La Russie peut présenter ce tournant comme la naissance d’un nouvel ordre multipolaire. Mais le multipolarisme russe risque d’être asymétrique : Moscou parle de souveraineté, Pékin accumule les leviers. La Russie apporte territoire, ressources et nécessité. La Chine apporte capital, technologie, capacité industrielle et patience stratégique.
Dans cette relation, le Corridor Nord-Sud peut devenir un instrument d’émancipation à l’égard de l’Occident, mais aussi un canal de subordination à la puissance chinoise. Il n’est pas dit que Moscou ne le sache pas. Simplement, dans cette phase, elle n’a pas beaucoup d’alternatives.
Le Golfe Persique comme débouché et comme enjeu
Le lien vers l’Iran et le Golfe Persique prend un poids encore plus important à la lumière de la crise du détroit d’Ormuz. Si Ormuz devient l’objet de tensions, de tarifs, de menaces de fermeture et de négociations entre l’Iran, Oman et les États-Unis, chaque route terrestre capable de rapprocher la Russie, l’Iran, l’Asie centrale et l’Asie méridionale acquiert une valeur stratégique.
Le Golfe n’est pas seulement énergie.

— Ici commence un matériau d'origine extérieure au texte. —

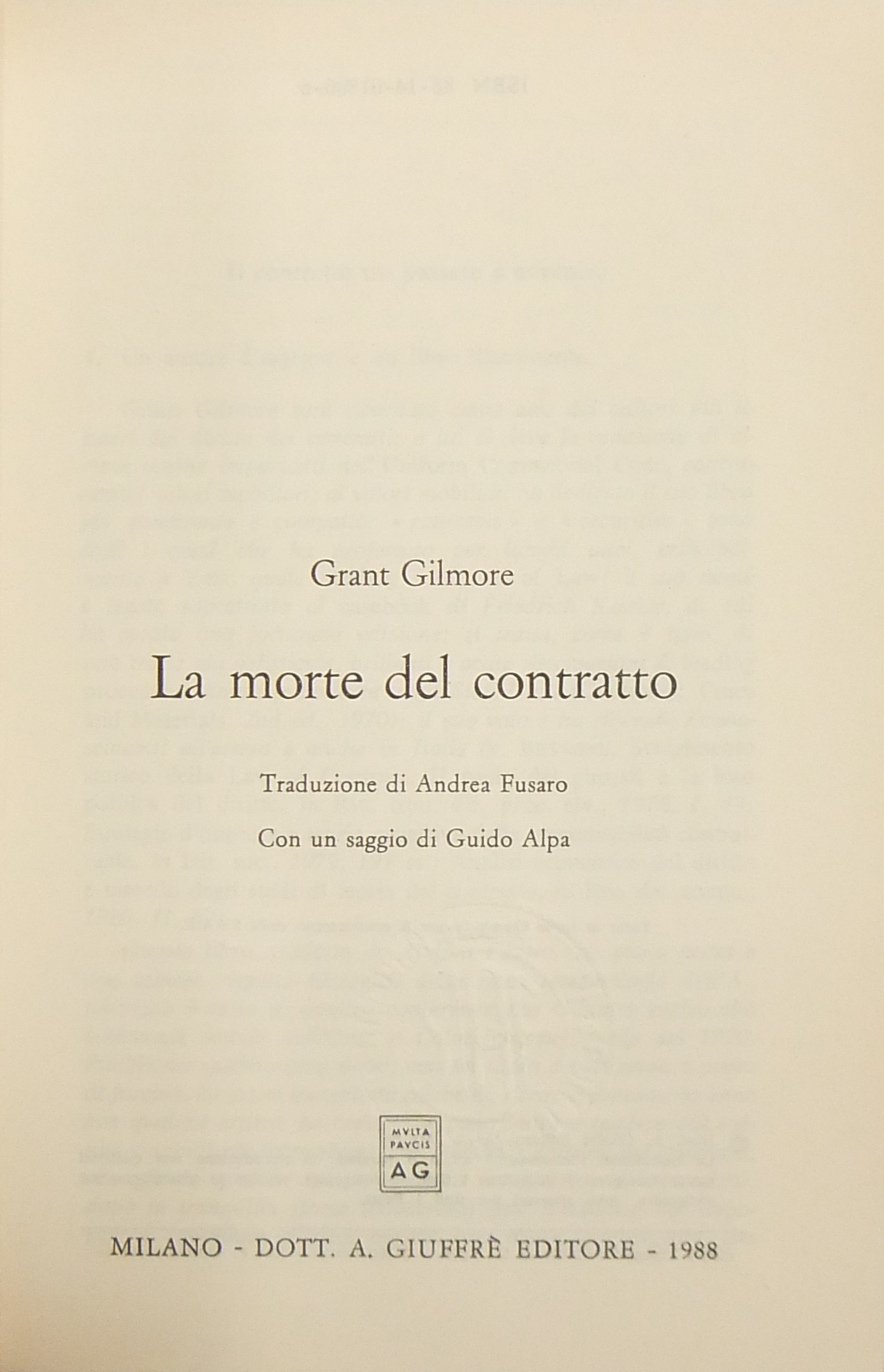 La morte del contratto. Traduzione di Andrea Fusaro. Con un saggio di Guido Alpa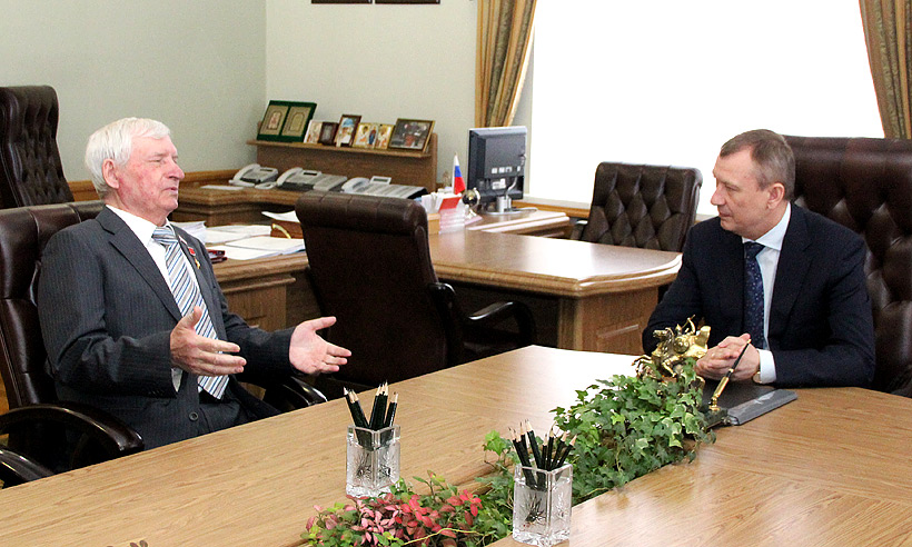 Губернатор Николай Денин провел рабочую встречу с Героем Социалистического Труда, депутатом Брянской областной Думы, директором товарищества на вере «Красный Октябрь» Георгием Лобусом.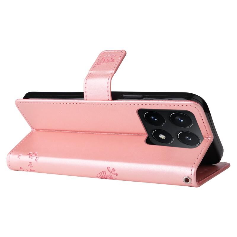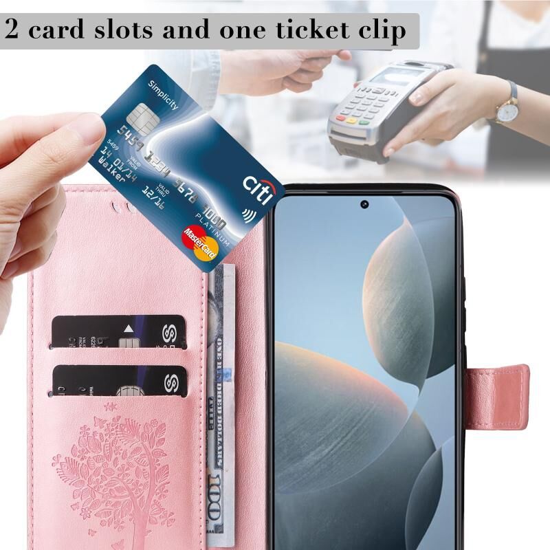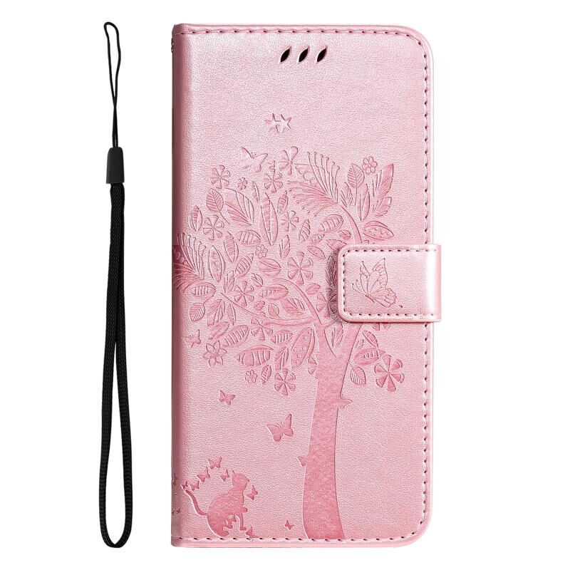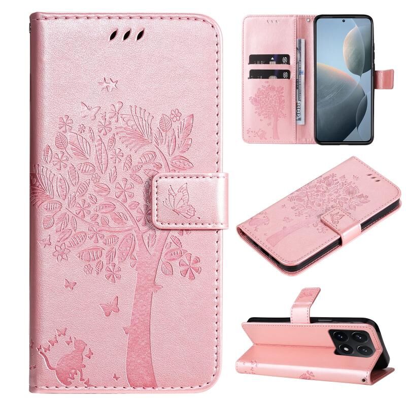 For Xiaomi 14T Tree & Cat Embossed Pattern Flip Leather Phone Case(Rose Gold)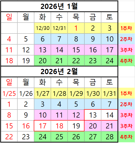 2026년 1월 수업일정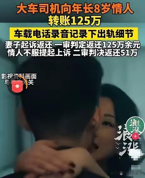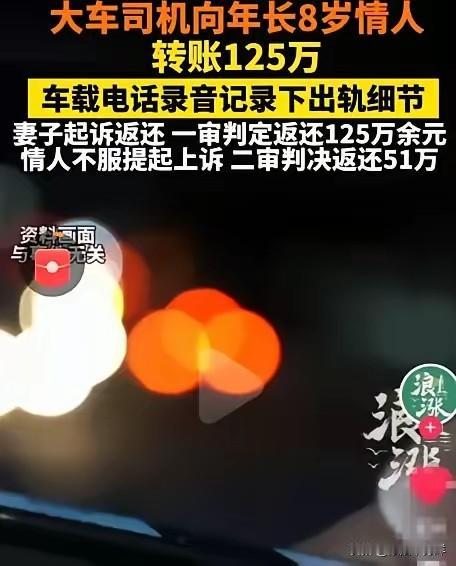 妥妥的被白嫖!内蒙古乌海,一名大车司机因跑长途寂寞,与年长8岁的女子维持了十几年的情人关系。妻子通过车载电话录音发现丈夫称对方为“臭老婆”,才得知自己被背叛。丈夫写保证书求原谅,但妻子查到他给情人转账超125万,怒而起诉第三者要求返还钱款。 大车司机常年跑长途,一个月大半时间都在路上。车就是他的第二个家,也是他藏着秘密的地方。那天妻子去车里拿换洗的衣服,顺手点开了车载电话的录音。原本只是想听听丈夫有没有跟货主沟通运费,结果就听到了丈夫对着电话那头娇嗔喊“臭老婆”的声音。那语气,是她结婚二十多年都没听过的温柔。 她蹲在车边,把那段录音反复听了十几遍。外面的风刮得脸疼,她却感觉浑身发冷。回到家,她把录音甩在丈夫面前,男人当场就慌了,又是扇自己耳光又是写保证书,说只是跑长途太孤单,一时糊涂,以后绝不再犯。她看着那张写满“保证”的纸,心里却只剩冰凉。 没几天,她就拿着丈夫的银行卡流水去了银行。一笔笔转账记录跳出来的时候,她的手都在抖。从几千到几万,十几年下来,累计超过125万。这些钱,是丈夫熬夜跑运输、吃泡面啃干粮攒下的血汗钱,也是她在家带孩子、照顾老人省出来的生活费。现在全成了情人的零花钱。 她没再跟丈夫吵,直接把第三者告上了法庭。一审法院认定这些转账属于夫妻共同财产,判决情人全额返还125万余元。本以为这事就这么了结,没想到情人不服,居然提起了上诉。二审时,情人拿出了一些聊天记录和小额消费凭证,说部分钱是司机自愿给她的生活费,还有一些是两人共同旅游的开销。法院最终改判,只让她返还51万。 这个结果让很多人不解。明明是出轨转账,凭什么不全额返还?说白了,就是因为有些转账没有明确标注“借款”或“赠与”,加上时间跨度太长,部分资金的用途难以界定。这也给所有夫妻提了个醒:共同财产不是一个人的小金库,别以为偷偷转出去就没人发现。 现实里,不少跑长途的司机都会因为孤独找个临时伴侣。但像这位司机一样,一找就是十几年,还转这么多钱的,真不多见。他以为自己是在找情感寄托,其实是在用夫妻共同财产养别人,最后不仅伤了老婆的心,还让自己人财两空。 更可笑的是那个情人,拿了别人的钱,还觉得理所当然。真以为靠着几句甜言蜜语就能把别人的血汗钱据为己有?法律不会纵容这种不劳而获的行为,哪怕二审只判返还51万,也足以让她明白,不属于自己的东西,终究要吐出来。 各位读者你们怎么看?欢迎在评论区讨论。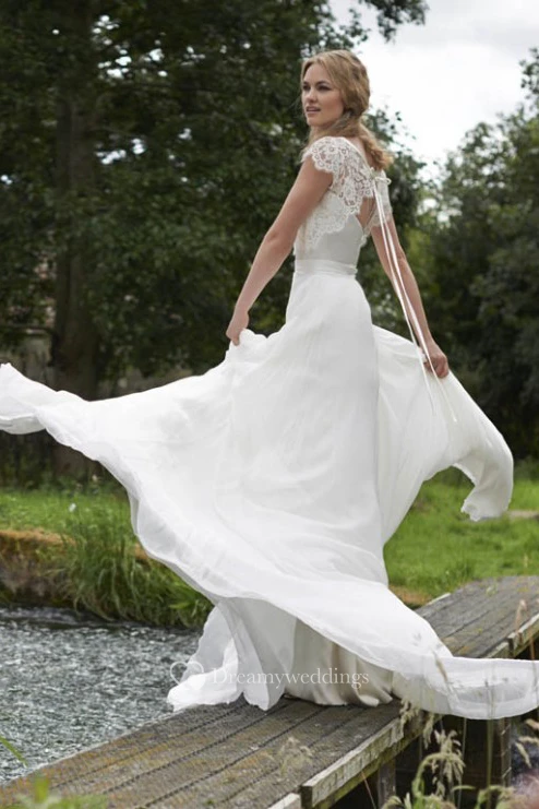 Sheath Jewel-Neck Poet-Sleeve Maxi Lace&Chiffon Wedding Dress With Cape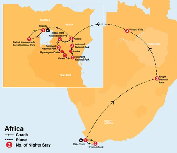 - Internal flights from Cape Town to Kruger, Kruger to Victoria Falls, Victoria Falls to Nairobi, Serengeti to the Masai Mara, Nairobi to Entebbe return and Bwindi to Entebbe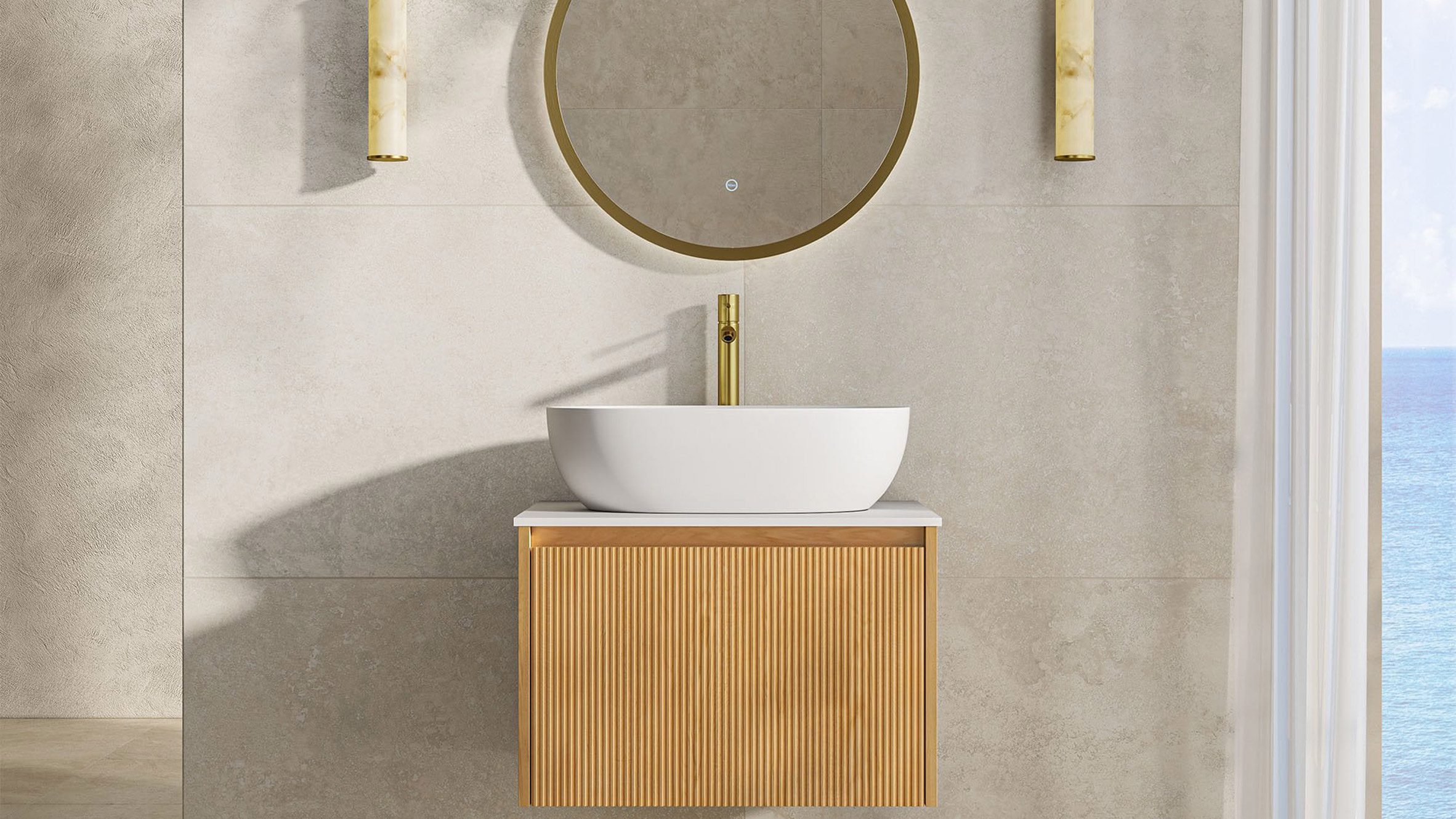 Los lavabos de piedra blanca están disponibles en longitudes de 800 mm y 1000 mm, mientras que los accesorios elevados están disponibles en longitudes de 600 mm, 800 mm y 1500 mm.
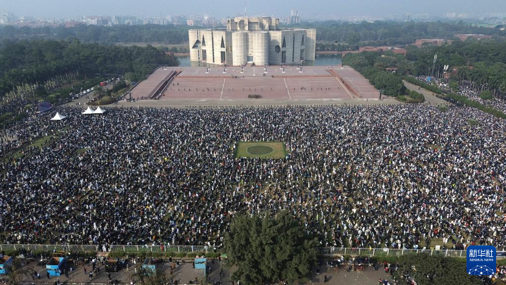 2025年12月31日,人们在孟加拉国首都达卡的国会大厦附近参加卡莉达·齐亚的葬礼(无人机照片)。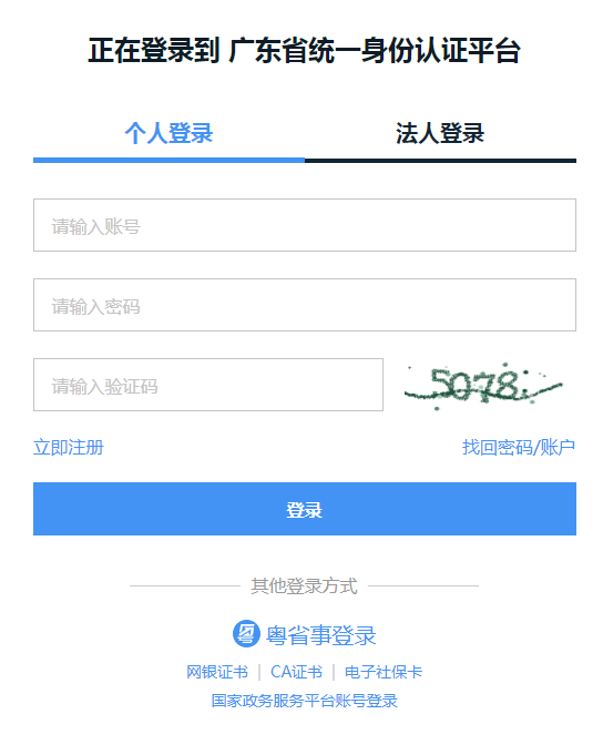 4、登录“广东省统一身份认证平台”;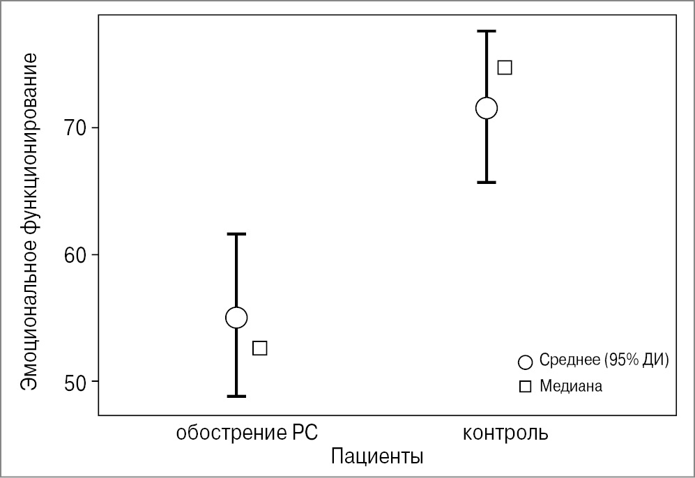 Эмоциональное функционирование | 56,1±14,4 | 73,1±17,3 | 0,032 |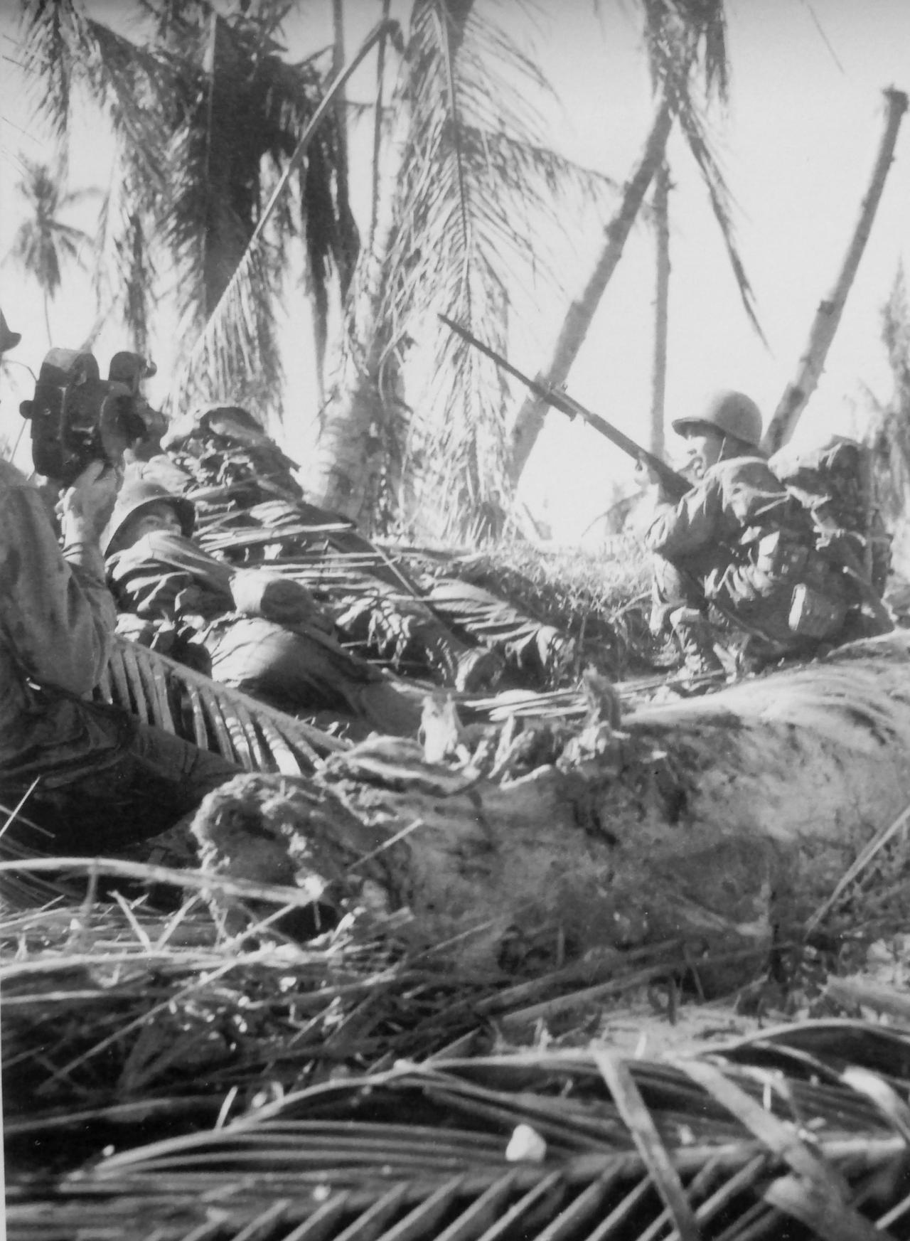 1944年5月18日,新几内亚,瓦克德岛。美军第163步兵团士兵正在作战,一名战地摄影师使用“艾莫”71-Q型电影摄影机进行了拍摄。 瓦克德岛在新几内亚西部约200公里,是一个战略支点,控制着盟军向比亚克岛推进的航线。 艾莫71-Q型电影摄影机是美国贝尔浩公司生产的35毫米手持电影摄像机,配备发条驱动装置和400英尺胶片盒,是二战中盟军战地记者的标准装备。 [呲牙] 那么,现在问题来了——请问:画面中那名士兵手中的是什么型号的步枪(参见图3~4)?
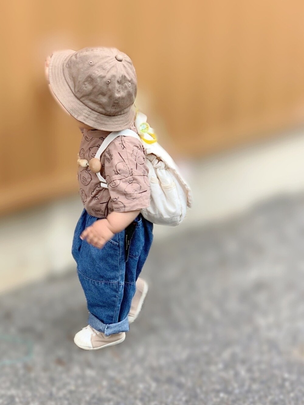 ⚘⚘ チャーリーブラウンのトップスを着せたくて☺︎ 公園行く時なのでTシャツ×デニムパンツでシンプルに◎ パンツの形がバルーン形で可愛い❤︎゛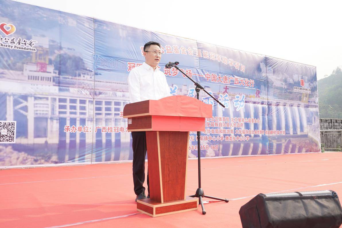 广西桂冠电力股份有限公司党委副书记、董事、工会主席蔡爽发言中提到:中国大唐与星能公益基金会第三次携手举办“奥运冠军进校园”活动。并向远道而来、传递榜样力量的奥运冠军和教练员们致以最热烈的欢迎与诚挚感谢,本次活动是以跨越山海的情谊为孩子们照亮梦想、播撒希望。

Il est finance, logistique, ports, accès à l’océan Indien, lien avec l’Inde, le Pakistan, le Moyen-Orient et l’Afrique orientale. Pour Moscou, parvenir au Golfe signifie contourner au moins en partie l’isolement européen. Pour Téhéran, cela signifie devenir une charnière indispensable entre la Russie et les marchés méridionaux. Pour Pékin, cela signifie intégrer un autre morceau de l’Eurasie dans son réseau de corridors continentaux et maritimes.
La guerre en Ukraine, la crise iranienne, les sanctions, la compétition sur les terres rares et la réorganisation des routes énergétiques ne sont donc pas des phénomènes séparés. Ce sont les chapitres d’une même transformation : le monde ne se divise plus seulement selon l’idéologie ou les alliances militaires, mais selon les corridors, les ports, les matières premières, les monnaies, les assurances et la capacité d’éviter ou d’imposer des sanctions.
Une nouvelle carte de la puissance eurasiatique
La Russie cherche des financements chinois pour une route vers le Golfe parce que l’ancien ordre commercial ne lui suffit plus. L’Europe n’est plus le centre naturel de ses échanges. La mer Noire est dangereuse. La Baltique est politiquement hostile. Les routes occidentales sont surveillées. L’Asie centrale est nécessaire, mais n’est plus docile. L’Iran est utile, mais soumis lui aussi à des pressions. La Chine est indispensable, mais jamais désintéressée.
Telle est la nouvelle condition de la Russie : grande puissance militaire, grande exportatrice d’énergie, mais de plus en plus contrainte de négocier sa mobilité économique. Il ne suffit pas d’avoir des ressources. Il faut pouvoir les déplacer. Il ne suffit pas d’avoir des marchandises. Il faut pouvoir les assurer, les payer, les échanger, les livrer.
Le corridor de 40 milliards vers le Golfe Persique est donc une route, mais aussi un aveu. Il dit que les sanctions occidentales n’ont pas totalement isolé Moscou, mais l’ont contrainte à redessiner son espace vital. Il dit que la Chine n’est pas seulement une alliée tactique, mais l’infrastructure financière de la résilience russe. Il dit que l’Asie centrale est désormais le centre d’une compétition mondiale. Il dit enfin que la géographie, que la mondialisation prétendait avoir dépassée, est redevenue le langage principal de la puissance.
La Russie ne cherche pas seulement un corridor. Elle cherche une issue. Mais aujourd’hui, chaque issue passe par quelqu’un d’autre. Et dans le cas russe, ce quelqu’un d’autre s’appelle de plus en plus souvent la Chine.